Increasing Triplet Subsequence

Given an unsorted array return whether an increasing subsequence of length 3 exists or not in the array.

Formally the function should:

Return true if there exists i, j, k 
such that arr[i] < arr[j] < arr[k] given 0 ≤ i < j < k ≤ n-1 else return false.

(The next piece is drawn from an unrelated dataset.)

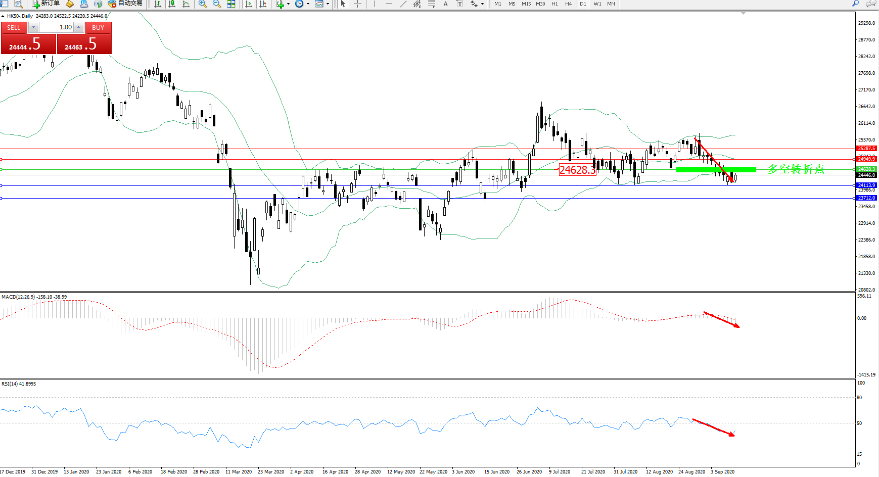 技术点评:长时间维持在布林带指标通道内持续宽幅震荡平移,高位空头动力弱势震荡回撤至布林带指标下轨附近持续徘徊中,空头下行动力依旧,布林带指标呈张口走势持续中,关注中下轨区间节点,MACD指标弱势徘徊于0轴线后终究破位进入空头区域徘徊,RSI指标处于50均衡线下方弱势震荡向下移动中;

Your algorithm should run in O(n) time complexity and O(1) space complexity.

Examples:
Given [1, 2, 3, 4, 5],
return true.

Given [5, 4, 3, 2, 1],
return false.

Analyse:

First glance at the problem, I think of brute force, time complexity is O(n^3). Time limit exceeded. 

class Solution {
public:
    bool increasingTriplet(vector<int>& nums) {
        if(nums.size() < 3) return false;
        
        for(int i = 0; i < nums.size() - 2; i++){
            for(int j = i + 1; j < nums.size() - 1; j++){
                for(int k = j + 1; k < nums.size(); k++){
                    if(nums[i] < nums[j] && nums[j] < nums[k])
                        return true;
                }
            }
        }
        return false;
    }
};

Then I come up with a o(n^2) solution, it is fix the first number, for the second number, I scan the array and keep recording a number that is larger than the first number, when the third number is found, return true. For exmaple, I have 3, 8, 7, 2, 0, 1, 4. Firstly, fix 3, second number is 8, when it scans to 7, second number becomes 7; keep scaning, when it comes to 2, since 2 is smaller than 3, doesn't update, second number is still 7. After one pass scan, nothing returned... Then fix 8, and repeat the same process. 

class Solution {
public:
    bool increasingTriplet(vector<int>& nums) {
        if(nums.size() < 3) return false;
        
        for(int i = 0; i < nums.size() - 2; i++){
            int b = i + 1;
            while(nums[b] <= nums[i] && b < nums.size() - 1)
                b++;
            while(b + 1 < nums.size() && nums[b] >= nums[b + 1] && nums[b + 1] > nums[i])
                b++;
            if(b == nums.size() - 1) continue;
            int c = b + 1;
            while(c < nums.size() && nums[b] >= nums[c])
                c++;
            if(c == nums.size()) continue;
            return true;
        }
        return false;
    }
};

After all those tries, I gave a o(n) version. 

class Solution {
public:
    bool increasingTriplet(vector<int>& nums) {
        if(nums.size() < 3) return false;
        
        int a = INT_MAX, b = INT_MAX;
        for(int i = 0; i < nums.size(); i++){
            a = min(nums[i], a);
            if(nums[i] > a) b = min(nums[i], b);
            if(nums[i] > b) return true;
        }
        return false;
    }
};